What are the lines, word for word, from the line with "lati Brand Rossini" up to and including the line with "Adorabile puzzle di" in the records below? Omit the pictures.

▶ _Listed records_:

*** Begin section ***

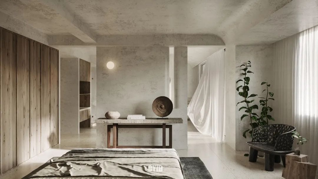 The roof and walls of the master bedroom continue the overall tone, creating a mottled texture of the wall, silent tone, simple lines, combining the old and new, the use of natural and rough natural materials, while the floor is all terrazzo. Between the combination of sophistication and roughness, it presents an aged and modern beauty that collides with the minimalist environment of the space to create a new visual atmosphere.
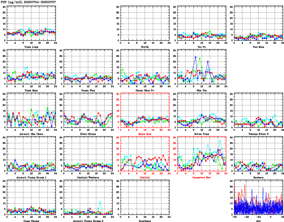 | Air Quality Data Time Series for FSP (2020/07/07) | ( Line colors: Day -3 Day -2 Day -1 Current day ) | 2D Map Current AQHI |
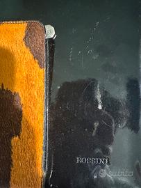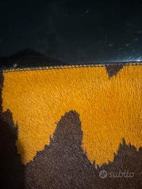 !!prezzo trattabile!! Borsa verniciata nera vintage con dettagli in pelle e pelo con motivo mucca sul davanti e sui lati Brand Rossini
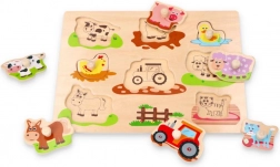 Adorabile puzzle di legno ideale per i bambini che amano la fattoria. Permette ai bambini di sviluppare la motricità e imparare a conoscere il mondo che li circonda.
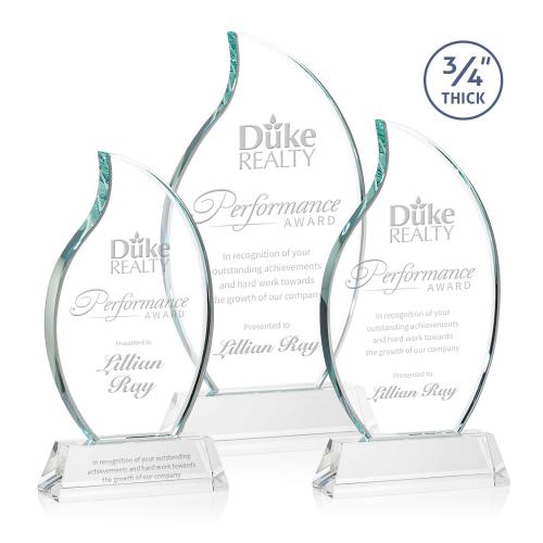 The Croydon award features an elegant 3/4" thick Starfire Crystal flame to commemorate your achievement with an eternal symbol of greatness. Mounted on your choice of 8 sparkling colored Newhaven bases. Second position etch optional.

*** End section ***
*** Begin section ***

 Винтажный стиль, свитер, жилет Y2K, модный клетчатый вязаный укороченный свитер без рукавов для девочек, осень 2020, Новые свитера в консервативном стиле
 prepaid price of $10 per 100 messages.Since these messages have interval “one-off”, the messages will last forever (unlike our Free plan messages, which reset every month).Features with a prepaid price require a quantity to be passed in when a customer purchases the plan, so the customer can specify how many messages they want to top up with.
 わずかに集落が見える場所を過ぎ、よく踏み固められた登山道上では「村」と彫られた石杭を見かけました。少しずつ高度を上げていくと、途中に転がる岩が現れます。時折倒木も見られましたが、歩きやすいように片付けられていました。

*** End section ***
*** Begin section ***

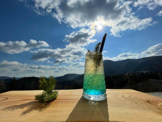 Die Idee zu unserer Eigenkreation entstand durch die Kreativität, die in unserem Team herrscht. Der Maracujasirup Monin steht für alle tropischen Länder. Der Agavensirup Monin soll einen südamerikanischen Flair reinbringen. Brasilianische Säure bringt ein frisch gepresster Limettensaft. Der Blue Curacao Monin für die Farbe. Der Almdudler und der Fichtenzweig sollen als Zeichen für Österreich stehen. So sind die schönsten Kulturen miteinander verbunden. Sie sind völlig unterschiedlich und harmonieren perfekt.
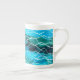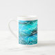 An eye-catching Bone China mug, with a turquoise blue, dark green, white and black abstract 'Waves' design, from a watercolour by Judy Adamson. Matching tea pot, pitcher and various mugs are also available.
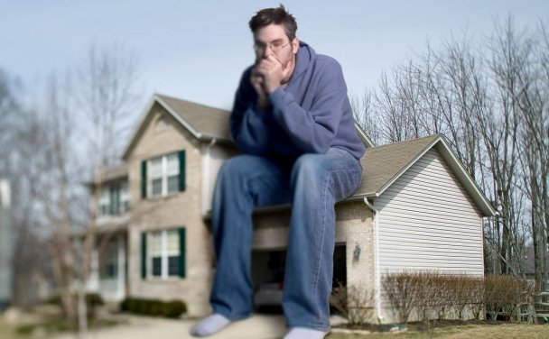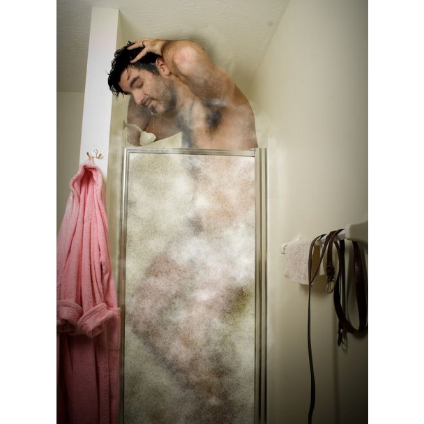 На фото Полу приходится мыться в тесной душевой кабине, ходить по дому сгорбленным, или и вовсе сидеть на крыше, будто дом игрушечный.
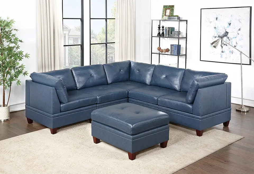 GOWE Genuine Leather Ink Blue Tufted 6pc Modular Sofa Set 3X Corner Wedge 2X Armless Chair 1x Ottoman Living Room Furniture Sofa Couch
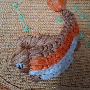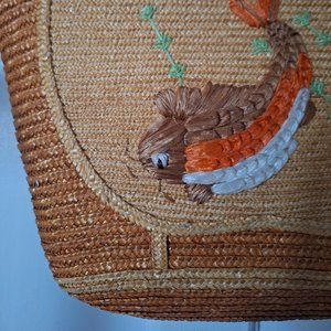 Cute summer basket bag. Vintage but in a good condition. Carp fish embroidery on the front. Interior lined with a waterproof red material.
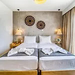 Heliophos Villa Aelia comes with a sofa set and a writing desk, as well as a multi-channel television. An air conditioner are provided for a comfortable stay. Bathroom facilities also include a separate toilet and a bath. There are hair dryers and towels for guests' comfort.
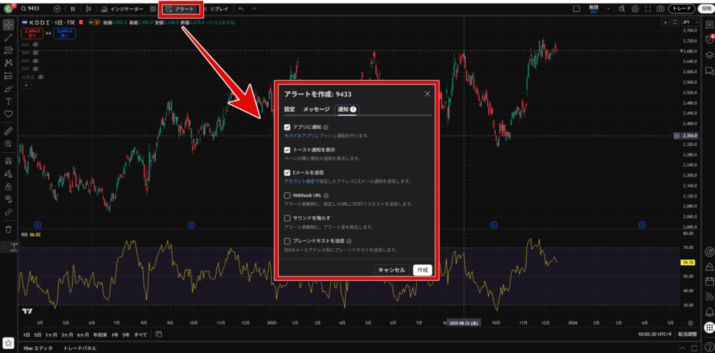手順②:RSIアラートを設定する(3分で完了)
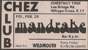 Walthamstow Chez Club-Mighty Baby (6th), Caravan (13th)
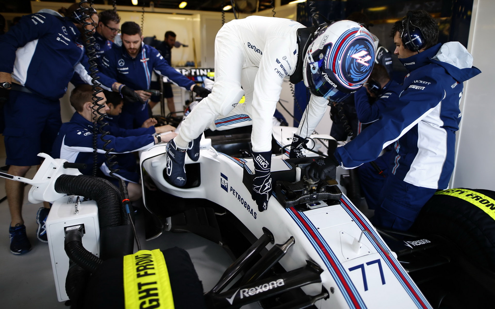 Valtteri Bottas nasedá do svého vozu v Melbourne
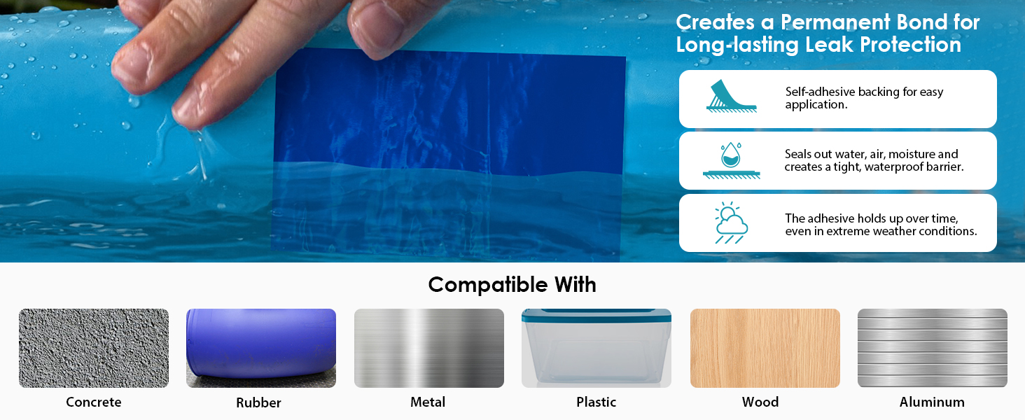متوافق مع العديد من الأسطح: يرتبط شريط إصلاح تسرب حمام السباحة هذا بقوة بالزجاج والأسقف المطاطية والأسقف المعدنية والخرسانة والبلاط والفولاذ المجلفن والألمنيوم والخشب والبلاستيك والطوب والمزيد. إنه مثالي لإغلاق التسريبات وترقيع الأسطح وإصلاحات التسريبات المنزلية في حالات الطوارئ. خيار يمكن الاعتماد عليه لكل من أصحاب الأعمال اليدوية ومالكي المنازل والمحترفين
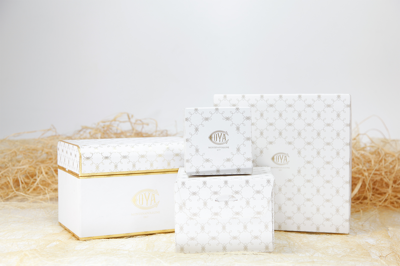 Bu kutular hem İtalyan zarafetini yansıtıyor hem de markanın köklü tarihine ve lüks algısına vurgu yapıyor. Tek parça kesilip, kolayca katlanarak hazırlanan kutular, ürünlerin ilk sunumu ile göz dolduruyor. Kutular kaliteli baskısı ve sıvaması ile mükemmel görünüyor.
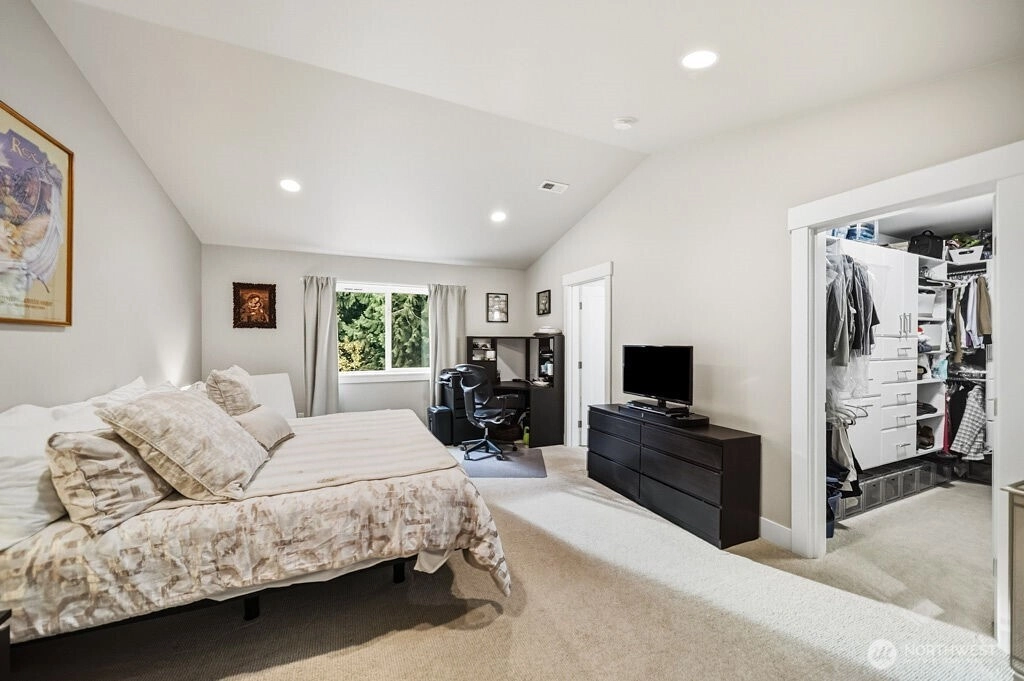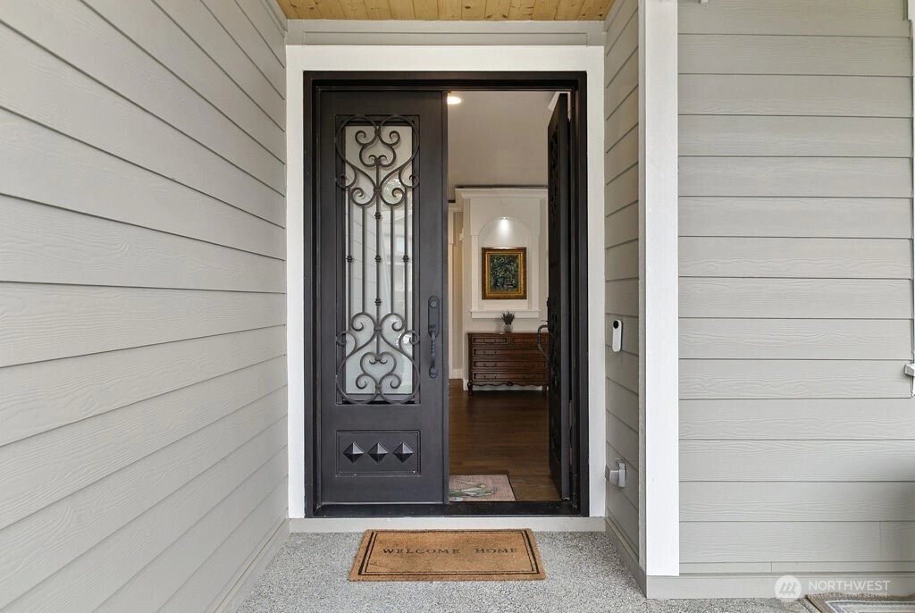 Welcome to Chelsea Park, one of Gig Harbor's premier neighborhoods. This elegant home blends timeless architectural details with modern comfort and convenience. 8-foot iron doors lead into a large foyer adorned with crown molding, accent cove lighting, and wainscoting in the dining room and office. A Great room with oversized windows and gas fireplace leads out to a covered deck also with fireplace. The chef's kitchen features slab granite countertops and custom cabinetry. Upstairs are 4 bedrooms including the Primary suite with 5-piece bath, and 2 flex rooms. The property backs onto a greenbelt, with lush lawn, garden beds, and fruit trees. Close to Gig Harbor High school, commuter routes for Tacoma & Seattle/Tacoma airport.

*** End section ***

▶ _Exercise solution_:
 !!prezzo trattabile!! Borsa verniciata nera vintage con dettagli in pelle e pelo con motivo mucca sul davanti e sui lati Brand Rossini
 Adorabile puzzle di legno ideale per i bambini che amano la fattoria. Permette ai bambini di sviluppare la motricità e imparare a conoscere il mondo che li circonda.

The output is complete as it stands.